While Bitcoin does not possess the deep liquidity of the U.S. Treasury market, its liquidity is sufficient to accommodate billion-dollar transactions, comparable to that of gold. In fact, Bitcoin may offer superior liquidity compared to some fiat assets subject to capital controls. Academic research shows that Bitcoin helps emerging economies circumvent capital controls; in Argentina, for example, cryptocurrency usage increased as capital controls tightened.

Role in Geopolitical Diversification

The International Monetary Fund has recently highlighted the potential impact of rising geopolitical tensions on international finance. Fragmentation of the global financial system could disrupt international capital flows, posing risks to financial stability, remittances, and trade.

Whether such fragmentation is actually occurring remains debated. A Federal Reserve economist examining 2022 international capital flows found no evidence that emerging market economies—including China, the Middle East, and India—were reducing their purchases of U.S. assets.

On the other hand, academic studies indicate that between 2016 and 2021, countries sourcing more military equipment from China and Russia also accelerated their gold reserve accumulation. In 2022, central banks purchased record amounts of gold, with notable buying from China, Turkey, India, and Middle Eastern oil exporters. Turkey’s strong demand for gold may be partly due to recent U.S. sanctions related to its military operations in Syria and its purchase of Russian air defense systems.

Regardless of the degree of geopolitical fragmentation, research provides evidence that Bitcoin can hedge geopolitical risk. Geopolitical risk predicts both Bitcoin returns and volatility. Among cryptocurrencies, only Bitcoin’s volatility correlates with fluctuations in the Geopolitical Risk Index, underscoring its unique status.

Frequently Asked Questions

Why are central banks considering Bitcoin as a reserve asset?
Central banks are exploring Bitcoin due to its potential as a diversification tool, its fixed supply offering inflation protection, and its ability to operate outside traditional financial systems, which may be advantageous in avoiding sanctions or capital controls.

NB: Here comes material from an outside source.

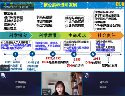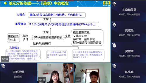 此次線上活動(dòng)主要有兩大主題,一是基于核心素養(yǎng)的必修2第3章的單元教學(xué)設(shè)計(jì)及其實(shí)踐,基于此8中的三位老師做了主講。其中教研組長(zhǎng)萬(wàn)廣威老師代表8中高一備課組做了第3章總體的單元教學(xué)設(shè)計(jì),她從單元主題的相關(guān)概述、單元教學(xué)的整體規(guī)劃、課時(shí)任務(wù)的具體設(shè)計(jì)(課例)、評(píng)價(jià)設(shè)計(jì)和作業(yè)落實(shí)四個(gè)方面對(duì)第3章的單元教學(xué)進(jìn)行了既有理論高度、又有每節(jié)具體課例的詳盡分析。隨后田原老師和吳雪晴老師分別針對(duì)第3章第1節(jié)和第2節(jié)進(jìn)行了無(wú)學(xué)生參與的網(wǎng)課實(shí)踐。可以說(shuō),有理有據(jù)的單元教學(xué)設(shè)計(jì)及其單元設(shè)計(jì)指導(dǎo)下的具體的課時(shí)教學(xué)實(shí)踐讓老師們對(duì)單元教學(xué)和課時(shí)教學(xué)的關(guān)系與區(qū)別有了更深刻的認(rèn)識(shí)!二是對(duì)線上教學(xué)的指導(dǎo),分別由開(kāi)發(fā)區(qū)一中的刁蓓老師和大連教育學(xué)院高中研訓(xùn)中心的王潔老師做了主講。刁蓓老師以‘網(wǎng)課也“瘋狂”——技術(shù)小妙招’為題,從授課方式存謎題、課堂管理成問(wèn)題、監(jiān)考批改是難題三個(gè)方面介紹了她的小妙招,睿智、實(shí)用的小妙招非常利于老師們更好地開(kāi)展線上教學(xué)。王潔老師根據(jù)自己觀課視導(dǎo)的情況總結(jié)了線上教學(xué)體現(xiàn)好的方面、不好的方面,并據(jù)此提出了改進(jìn)的建議。
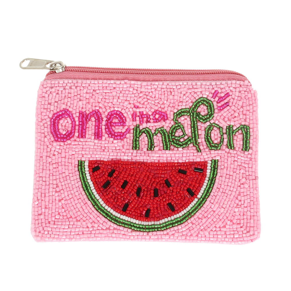 ONE IN A MELON ZIP COIN BAG WITH SEED BEADED DESIGN

How does Bitcoin compare to gold as a reserve asset?
Both assets share characteristics like scarcity and decentralization. However, Bitcoin offers advantages in transferability and verifiability, while gold has a longer historical track record and greater institutional acceptance. Each has unique risks and benefits.

What are the main risks of holding Bitcoin in reserves?
Key risks include high volatility, regulatory uncertainty, cybersecurity threats, and the evolving nature of crypto infrastructure. Central banks must carefully assess these factors before allocation.

Could Bitcoin replace the U.S. dollar in reserves?
It is highly unlikely that Bitcoin would replace the dollar entirely due to its volatility and scalability limitations. However, it could become a complementary asset in diversified reserve portfolios.

How can central banks securely custody Bitcoin?
Central banks could use self-custody solutions with robust multisignature arrangements and hardware security modules, or partner with regulated institutional custodians offering insurance and proven security practices.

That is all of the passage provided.